The next step is to change to a coordinate system in which the first two axes lie on the plane. If you choose a pair of orthogonal unit vectors $\mathbf u_1$ and $\mathbf u_2$ to represent the desired directions of the 2-D $x$- and $y$-axes, then this transformation is performed by the orthogonal matrix $$\mathtt R = \begin{bmatrix} \mathbf u_1^T \\ \mathbf u_2^T \\ \mathbf n^T/\|\mathbf n\| \end{bmatrix},$$ i.e., the matrix with these three vectors as its rows. There’s no need to actually perform this normalization of the last row of $\mathtt R$ since you’re not going to use it, anyway. $\mathtt R$ might not be a rotation because your choice of the two unit vectors could form a left-handed basis of $\mathbb R^3$, but it’s guaranteed to be orthogonal.

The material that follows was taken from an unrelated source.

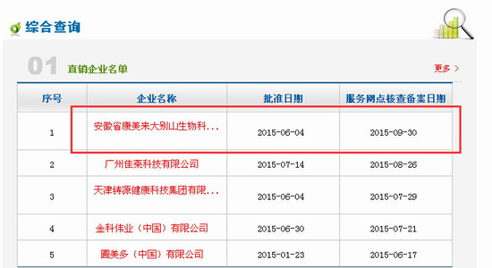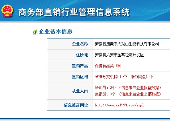 9月30日,商务部直销行业管理信息系统发布安徽省康美来大别山生物科技有限公司获得直销经营许可证。信息显示,康美来是于2015年6月4日获得批准,9月30日备案公示。获批省级直销分支机构安徽省,获批1款保健器材,备案2名直销培训员。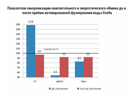 Однако не так всё плохо. Исследованиями в Москве акад. Г.П. Гулидовой доказано, что активированная фуллеренами – антиоксидантами длительного действия минеральная вода «SVETLA» тоже обладает антиоксидантными свойствами. В организме она нейтрализует, свободные радикалы без участия природных антиоксидантов, коими являются дефицитные жизненно необходимые витамины и микроэлементы, которые при этом экономятся и выполняют свои задачи по выработке энергии увеличивая ее кол-во в ослабленных местах, не допуская в них болезней и замедляя старение.

You can now shift to 2-D by dropping the last coordinate, which can be represented by dropping the last row of $\mathtt R$. The complete 3-D to 2-D transformation is then the product $$\mathtt M = \begin{bmatrix} \mathbf u_1^T \\ \mathbf u_2^T \end{bmatrix} \mathtt P.$$ The resulting coordinates of the 3-D point $\mathbf v$ are thus the dot products of $\mathtt P\mathbf v$ with $\mathbf u_1$ and $\mathbf u_2$, respectively: $$\mathbf u_i^T\mathtt P\mathbf v = \mathbf u_i^T\mathbf v - {\mathbf n^T \mathbf v \over \mathbf n^T \mathbf s} \mathbf u_i^T \mathbf s = \left(\mathbf u_i - {\mathbf u_i^T \mathbf s \over \mathbf n^T \mathbf s}\mathbf n \right)^T \mathbf v.\tag{*}$$ You can, of course, assemble the parenthesized quantities into the rows of a $3\times2$ transformation matrix, if needed. For an orthogonal projection, $\mathbf s$ is parallel to $\mathbf n$, in which case this expression reduces to the dot product of $\mathbf v$ with a basis vector, as one would expect.

You might also need to make a final translational adjustment if the 2-D origin isn’t the image of the original 3-D origin.

For some suggestions on how to choose an orthonormal coordinate system for the plane, see, for example, this question, this one, this answer (for a simple method that uses a reflection instead of a rotation) and related questions.


As a final note, if you use the first method I mentioned above to construct $\mathtt P = \mathtt B\operatorname{diag}(1,1,0)\,\mathtt B^{-1}$ and choose for $\mathtt B$ the matrix $\begin{bmatrix}\mathbf u_1 & \mathbf u_2 & \mathbf s\end{bmatrix}$, with the $\mathbf u_i$ as above, you’ll find that the final 3-D to 2-D transformation matrix is just the first two rows of $\mathtt B^{-1}$. The expression in (*) gives you an explicit formula for them. I’ll leave it to you to determine whether computing the transformation with the explicit formula or inverting $\mathtt B$ is more efficient for your application.